Note on choosing the number of cluster centroids
In the code I had written to compress the image I had considered 15 cluster centroid points .As there are 3 primary colors,3 secondary colors and 6 tertiary colors
The choice of the number of cluster centroids (k) is a crucial decision in k-means clustering. It determines the level of compression and the quality of the compressed image. The selection of the optimal value for k depends on the specific requirements and trade-offs in terms of image quality and compression ratio.
Output
The below picture shows the compressed image

Future Scope of the Project
Image compression is widely used as a pre processing technique in computer vision and robotics for various applications.
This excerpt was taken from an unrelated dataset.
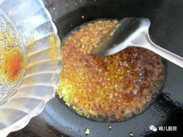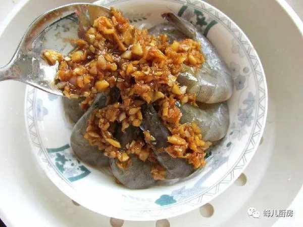 9、把蝦擺在上面,用勺子把炒好的蒜末,舀在蝦的上面。

It enables efficient storage, transmission, and processing of visual data, reducing storage requirements and conserving bandwidth. Image compression is crucial for real-time video streaming, remote sensing, robot vision, embedded systems, medical imaging, and more. By compressing images, these fields benefit from improved performance, lower costs, and enhanced capabilities in resource-constrained environments.
References
- S. Ashwini, S. K. S. Veni, and B. Kavitha. "Image Compression using K-means Clustering" (2015).
- S. Saqib, K. Bashir, and K. Shahzad. "Image Compression Using K-means Clustering and Principle Component Analysis (PCA)" (2019).
- K. Sundari and A. Annadurai. "An Image Compression Technique using K-means Clustering Algorithm" (2014).
- M. Aravindh and N. R. Raajan. "Image Compression using K-means Clustering" (2016).
- A. Kaur and S. Kaur. "Digital Image Compression using K-means Clustering and Huffman Coding" (2015).